----- Source data

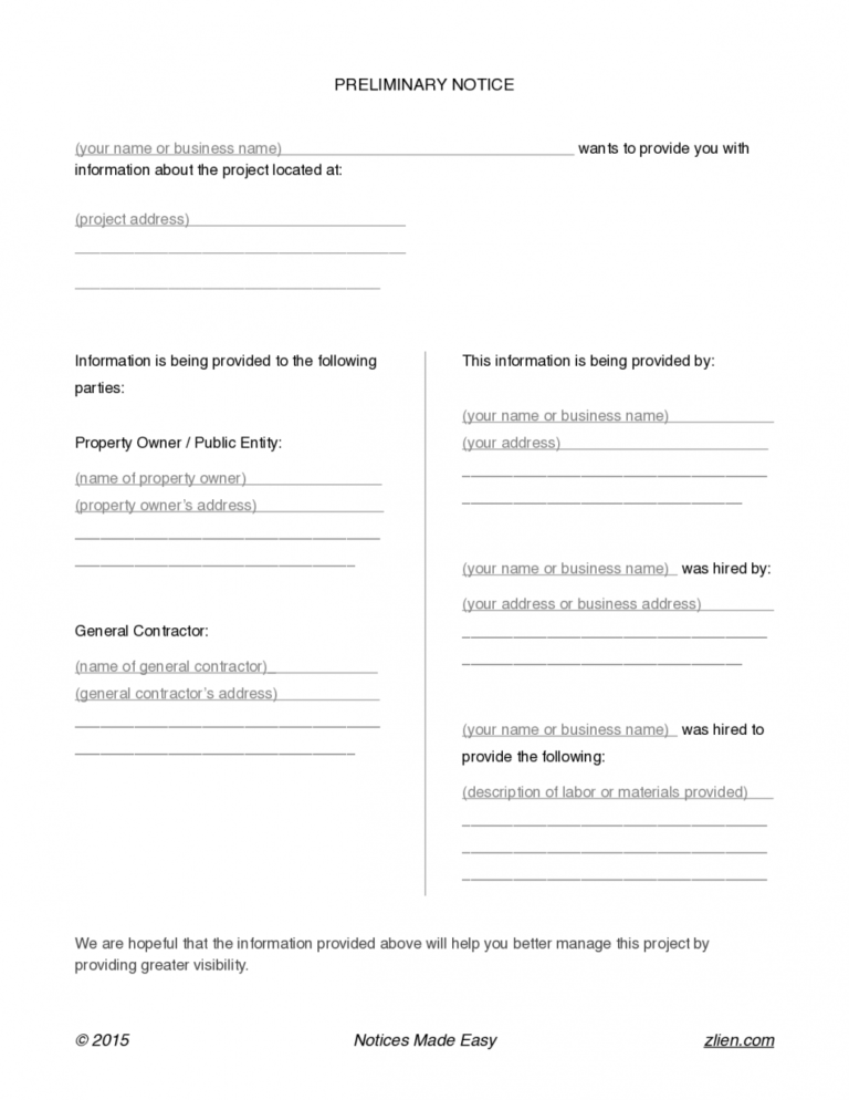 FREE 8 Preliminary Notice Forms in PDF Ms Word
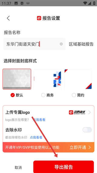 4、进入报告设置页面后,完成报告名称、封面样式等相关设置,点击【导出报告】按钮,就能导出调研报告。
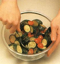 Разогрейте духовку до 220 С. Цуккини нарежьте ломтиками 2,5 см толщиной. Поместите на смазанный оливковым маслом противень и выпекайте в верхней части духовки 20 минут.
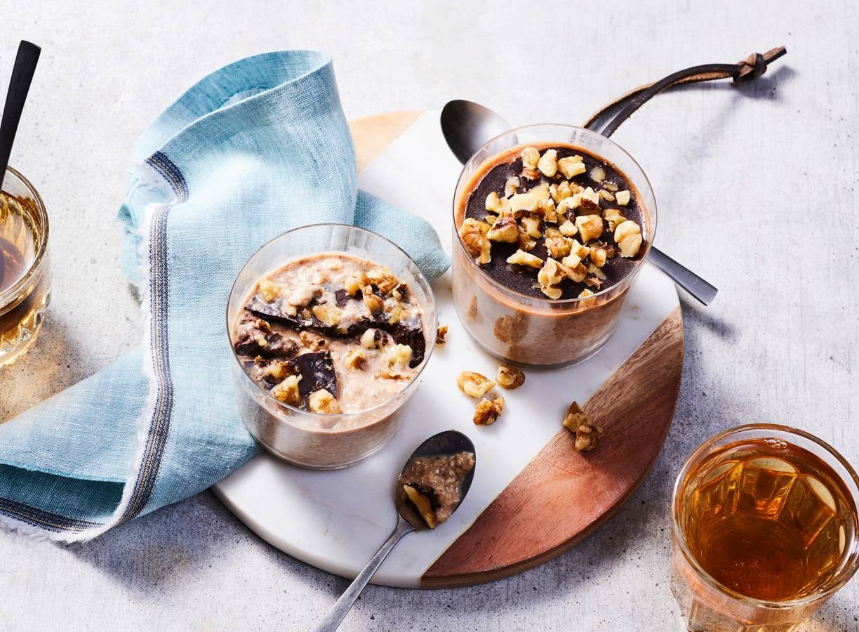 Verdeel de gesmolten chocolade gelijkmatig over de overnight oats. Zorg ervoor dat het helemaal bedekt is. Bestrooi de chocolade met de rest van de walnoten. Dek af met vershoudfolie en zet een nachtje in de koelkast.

----------
----- Source data

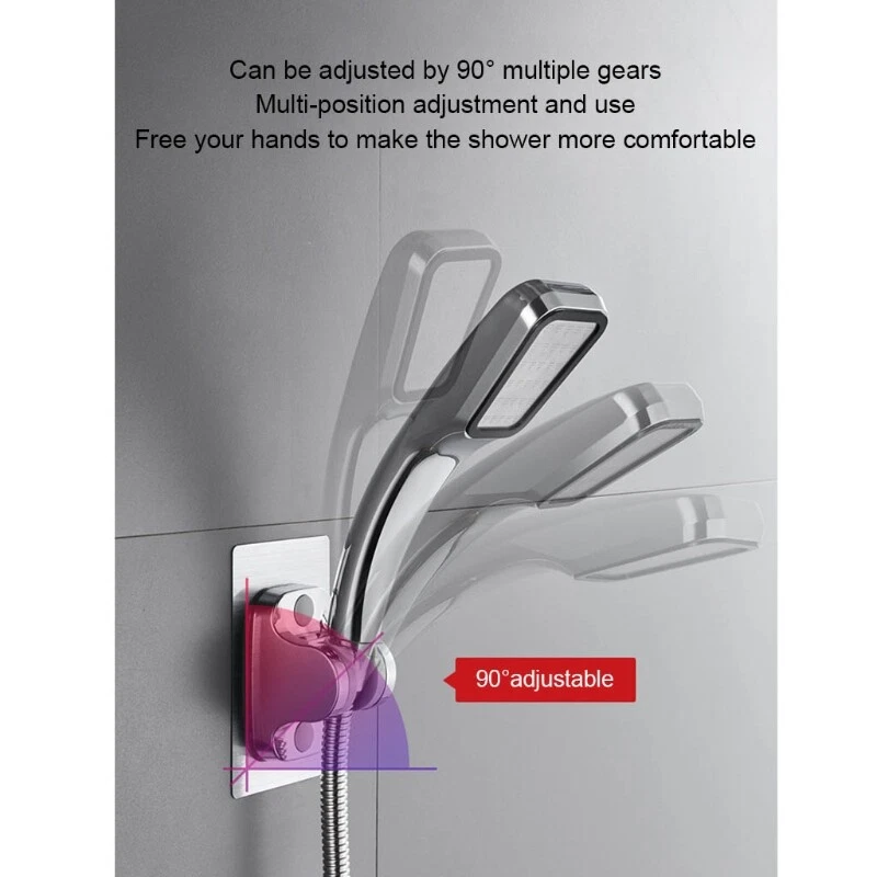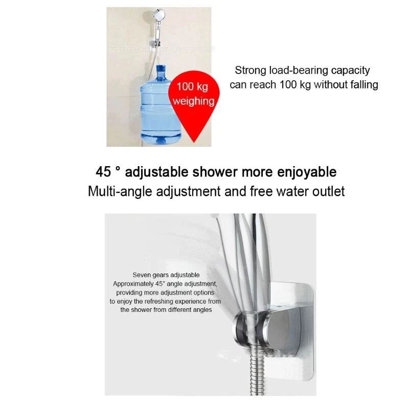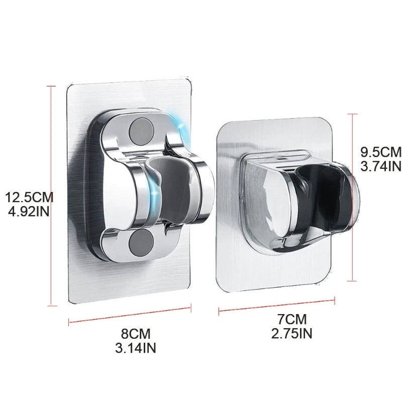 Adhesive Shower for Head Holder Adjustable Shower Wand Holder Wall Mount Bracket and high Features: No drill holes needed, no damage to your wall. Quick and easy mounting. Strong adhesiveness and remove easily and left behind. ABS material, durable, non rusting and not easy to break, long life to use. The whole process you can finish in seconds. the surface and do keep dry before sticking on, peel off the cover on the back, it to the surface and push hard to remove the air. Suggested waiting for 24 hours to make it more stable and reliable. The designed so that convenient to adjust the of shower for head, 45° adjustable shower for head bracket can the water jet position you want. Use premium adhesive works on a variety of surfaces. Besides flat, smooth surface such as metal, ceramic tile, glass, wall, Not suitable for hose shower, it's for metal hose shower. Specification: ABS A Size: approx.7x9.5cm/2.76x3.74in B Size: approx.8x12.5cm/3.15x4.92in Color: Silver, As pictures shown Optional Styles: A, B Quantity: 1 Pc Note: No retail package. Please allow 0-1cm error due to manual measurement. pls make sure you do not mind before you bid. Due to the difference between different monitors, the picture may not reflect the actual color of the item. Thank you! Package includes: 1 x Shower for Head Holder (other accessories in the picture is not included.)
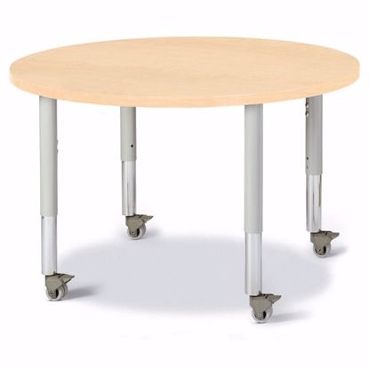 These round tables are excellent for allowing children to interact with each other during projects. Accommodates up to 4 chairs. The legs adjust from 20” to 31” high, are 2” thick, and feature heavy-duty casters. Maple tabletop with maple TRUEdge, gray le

----------

* [Problem to work on]: From the material above, output only the span of lines that starts at the one containing "4、进入报告设置页面后,完成" and finishes at the one containing "Разогрейте духовку до", word for word and free of pictures.

* [Output of the task]:
 4、进入报告设置页面后,完成报告名称、封面样式等相关设置,点击【导出报告】按钮,就能导出调研报告。
 Разогрейте духовку до 220 С. Цуккини нарежьте ломтиками 2,5 см толщиной. Поместите на смазанный оливковым маслом противень и выпекайте в верхней части духовки 20 минут.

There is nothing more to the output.